Thursday, November 3, 2011

Fool's Gold --- a poem for the day.

This is a poem I wrote a while back in the long tradition of Robert Service, but with an Alaskan twist.  Perhaps this might also serve as a prophetic,  poetic, or pathetic warning to those giant gold mining operations in SW Alaska.

Graves in the village of Kokhonak, Alaska

FOOL’ S GOLD
 A poem by Don Rearden


A tough old miner
with a silver beard
a story I’m sure
you all have heard
but I’ll tell it again
for those of you
who don’t believe
that it’s true.

They called him Dusty
from the look of his clothes
and from his body
an awful stench rose.
He washed himself
‘most every leap year
with a gallon of whiskey
an’ a grin ear to ear.

Alone on the Yukon
with the fever for gold
Old Dusty dream't only of
that big Mother Lode.
One cold night while prospecting
beneath the dancing Northern Lights
the old miner came across
the strangest of sights

there in the shadows of the Aurora’s glow
sat the skeleton of an old Eskimo.
Dressed in a fur parka
made from caribou and bear
with a shiny white skull
and a ghostly-like stare.
And clenched in the bony hands
of this long dead Eskimo
was a birch bark basket
that gave off a bright glow.


Dusty crept close,
for he wasn’t afraid
because a dead man is a man
whose debts have been paid.
He’d heard all the scary tales
from the Eskimo lore
and he ignored them all
as he had before.

Well the Northern Lights
they waltzed in the sky
like spirits crazed
like demons awry
but Dusty didn't see the dance,
all he did was stare.
He had to see what was
inside of there.

He pried the basket
from the skeleton’s hand
not knowing or caring
he was on sacred land.
He opened that basket
and his eyes grew wide
he couldn’t believe
what sat there inside.

He blinked three times
and his face turned red
inside was a gold nugget
the size of his head.

He gave a great holler
that echoed for miles.

He danced a little jig
and his face was all smiles.
“I’m a very rich man!”
He said with a grin,
“And I won’t have to work,
never ag’in.”

“I’ve done discovered
my fortune in the land of snow
all thanks to this old
dead Eskimo!”

With a big heave
he tossed the basket into his pack
and walked towards town
without looking back.

And in the pale light of the Aurora glow
sat the skeleton of the old Eskimo.

All night Dusty walked
he was headed to town,
on his back was a pack,
he couldn’t put down.

Now packing that monster nugget
was an almighty chore
and it’s weight with each step
grew more and more.

Old Dusty he struggled
and his legs grew weak.
The chances of getting to town
began to look bleak.

Then a voice broke the silence
of the frigid night air,
“Don’t stop now, Dusty, why we’re damn near there.”

That voice stopped Dusty
dead in his track
it came from the basket
in the pack on his back.

The old miner’s heart
pumped blood full of fear
again came the voice
and this time quite clear,

“Get me out of this basket
you stinky old fool,
you’re breaking an old sacred Eskimo rule.”

Now Dusty was scared
he tore off the pack
he wondered if he should
take the gold back.

Slowly he opened the birch basket wide
stricken with pure horror at what lay inside.

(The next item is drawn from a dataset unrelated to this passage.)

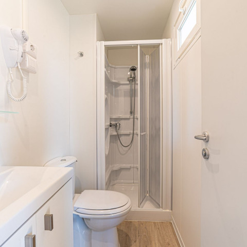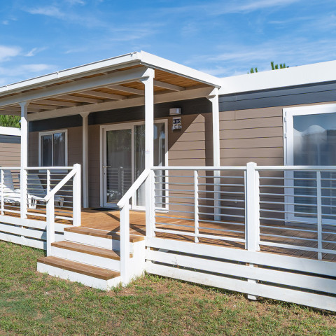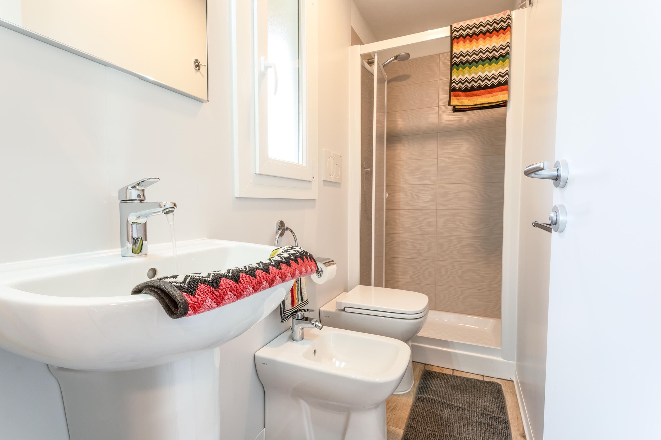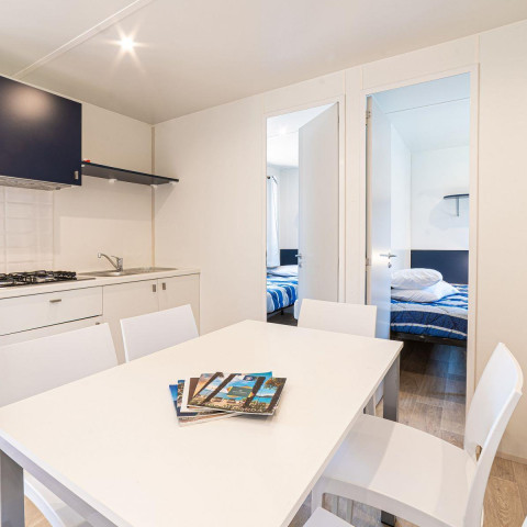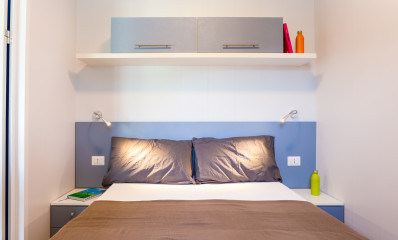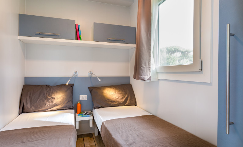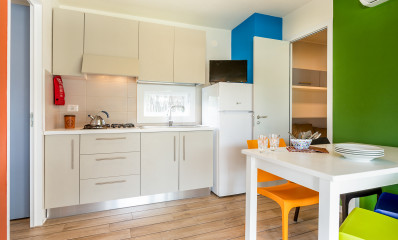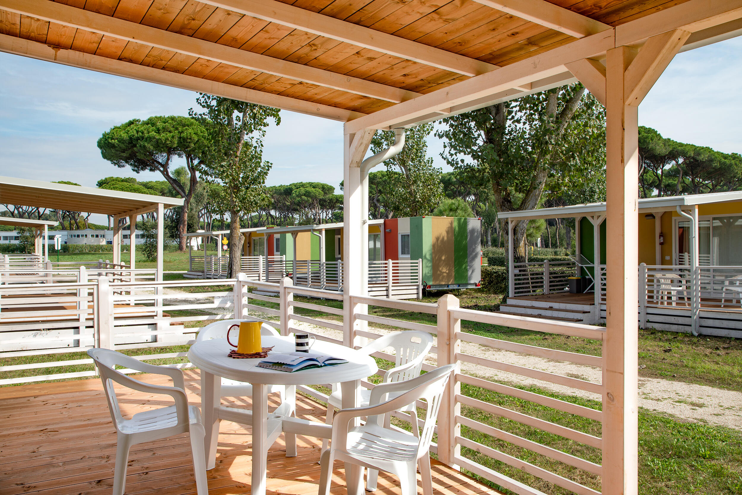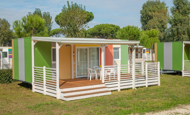 The Baia Tevere, about 24mkq large, can host up to 4 persons. It is composed of a bedroom with double ed and a second one with 2 twin beds. It has got a living room with table and chairs, kitchenette with fridge, pans and dishes. The bathroom has got the WC, shower, sink and bidet. Outside a covered wood terrace with table and chairs.
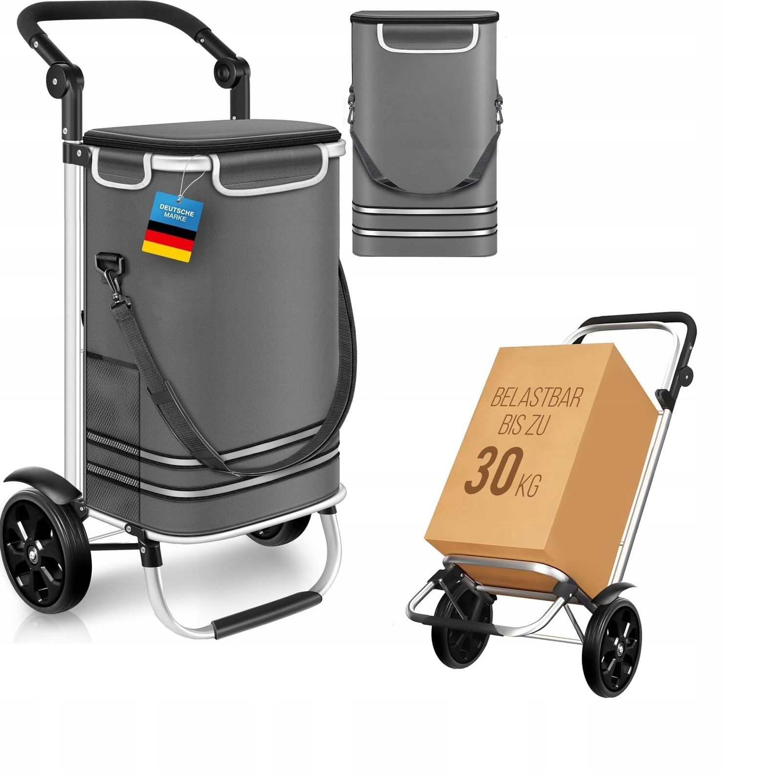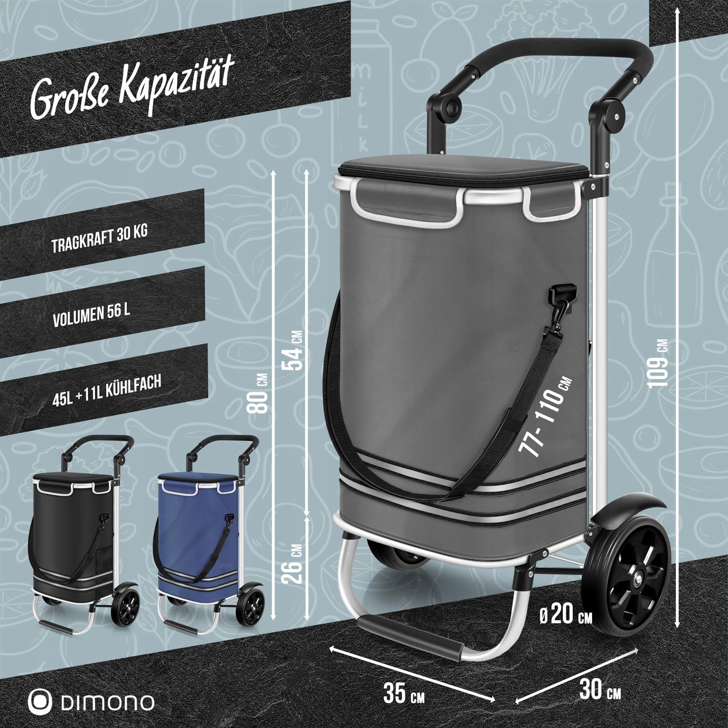 Wózek na zakupy Dimono składany 3w1, wózek transportowy 56L, SZARY

The giant gold nugget was no longer there,
and all Dusty could do was just stare,
there with a grin and an eerie white glow
sat the skull of the old dead Eskimo.

The skull began to writhe and thrash,
the jaw opened up and the teeth gnashed
Then those shiny white teeth moved quick in the dark
and now my friends comes the scariest part.

There are rules in the North
that you must live by,
those who do not
frequently die.

One rule is don’t steal
from the Eskimos' dead - all
they found of poor Dusty,
was his smelly old head.

Tuesday, November 1, 2011

Today's Poem: After ANWR

My poem for you today was published in Chronogram and won the Alaska Public Radio Network's poem of the year several years back. I read it on the air, but can't seem to find the link to it.  Enjoy.


Would they drill baby drill here?


After ANWR


Of course no one in New York was excited
when they discovered oil
beneath Central Park.
My strangest Alaskan find in Central Park. Balto?

The various  Natives,
the Manhatten Islanders,
the Bronxers and Harlemites
were concerned about the pigeons
and the bums

their daily migration
from the park to the dumpsters,
they – being the pigeons and the homeless -
would be disturbed by the drilling

The last of the reserves
in Texas
the gulf of Mexico,
and Alaska
had long been sucked dry

the wild horses,  the manatees, and the caribou
gone

They drew a line in the concrete
Central Park was sacred land

There would be no drilling there
not ever
Central Park was sacred land.

Monday, October 31, 2011

The Ghost in the Parka

The Ghost in the Parka


Let me share with you a Halloween haunting back when I lived in one of the little Yup’ik villages on the tundra of southwest Alaska. The sun slipped beneath the horizon, my sisters and the other little kids were back from trick-or-treating, and it was our turn, the teenagers, to race down the narrow dark boardwalks between houses to fill our own plastic grocery sacks with candy.

I don’t even remember if we had costumes, but I do remember that it was a fall like this one, with no snow, and tall grass lined the boardwalk like two moving walls that whispered in the winds. We grabbed candy inside the first house and when we came out and started to the next, someone spotted something strange emerging from the tall grass. A traditional Yupik parka, with the hood up, no hands or feet visible, the thick fur ruff obscuring the face, appeared on the boardwalk behind us. We sprinted to the next house, not sure what to make of the parka, but not quite willing to admit to the adults inside what we’d just seen.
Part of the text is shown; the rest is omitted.